Millennium Post


In a world of cruelty, we as civilised beings need to step up against the torture and ill-treatment of all living creatures


With growing vegetarianism, what would happen to all the animals?

As vegetarianism grows, the number of animals bred for food will gradually decline, since the market will no longer exist for them. The world gradually going vegetarian is imagining the most positive possible future for our species, for the Earth, and for all living beings. First of all, as we reduce the number of animals we are eating, agribusiness will stop forcibly inseminating female pigs, turkeys, cows, fishes, and other animals, so fewer animals will be imprisoned, and there will be less mutilation, killing, violence, terror, and suffering. It also means there will be lower demand for GMO corn, soy, alfalfa and other feed grains, and thus less deforestation, mono-cropping, and pollution. As this continues, there will be more food to feed starving people, and also monocropped land can be returned to being critically-needed habitat for wildlife, whose populations are being decimated by the habitat loss caused by grazing livestock and growing feed grains.

Is it okay to judge people based on their attitude towards animals?

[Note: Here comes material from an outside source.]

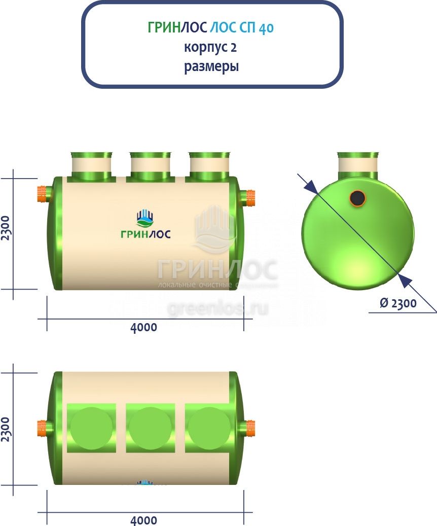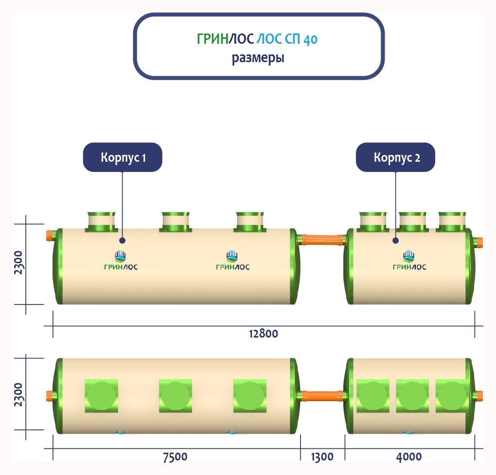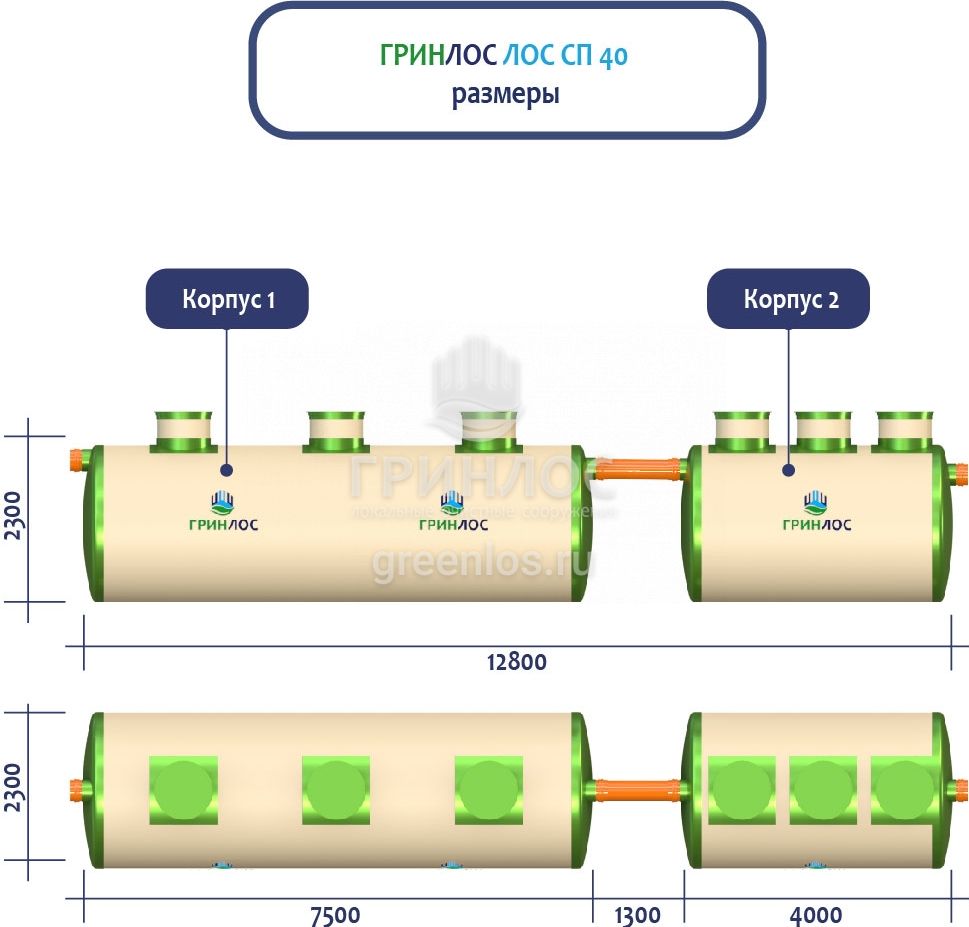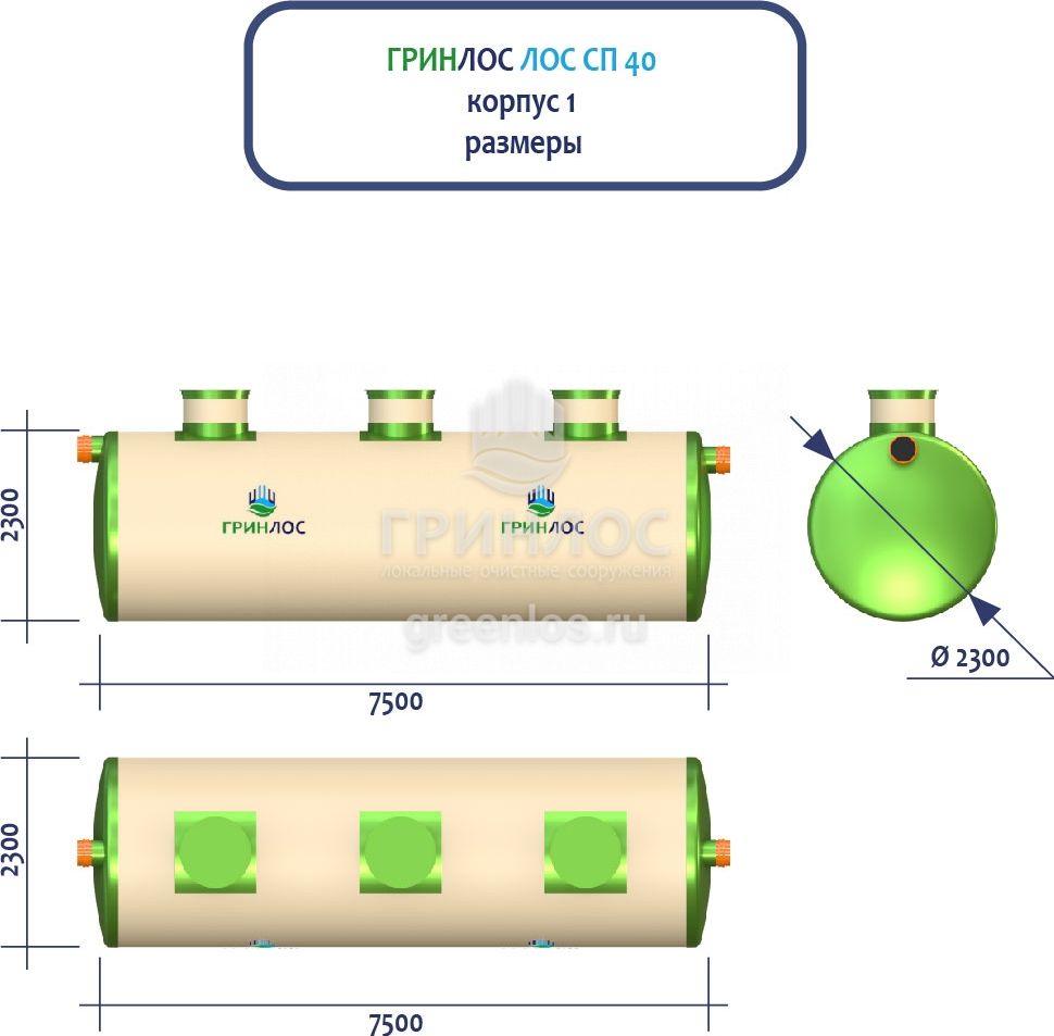 ГРИНЛОС Ливневая канализация 40-2300-2 стеклопластиковая представляет собой модульное очистное сооружение, состоящее из 2 корпусов размерами 7500*2300*2300 мм - 1 корпус, 4000*2300*2300 мм - 1 корпус. Объем отдельного корпуса 1 вида составляет 31.1 м3, 2 вида – 16.6 м3. Ввиду большого веса, для установки станции потребуется применение вспомогательного оборудования.

As far as a person's morality is concerned, it can very well be judged by how they treat animals. Although a sociological understanding would suggest various reasons that motivate a person's attitude, it cannot be used as an excuse to torture or inflict pain on animals. Ignorance is not justifiable and if one encounters people who treat animals badly, it is okay to form judgments about them.

Sometimes my dog sounds as if he is choking. He has a fit of reverse sneezing when he pulls his nose in repeatedly and makes an odd sound.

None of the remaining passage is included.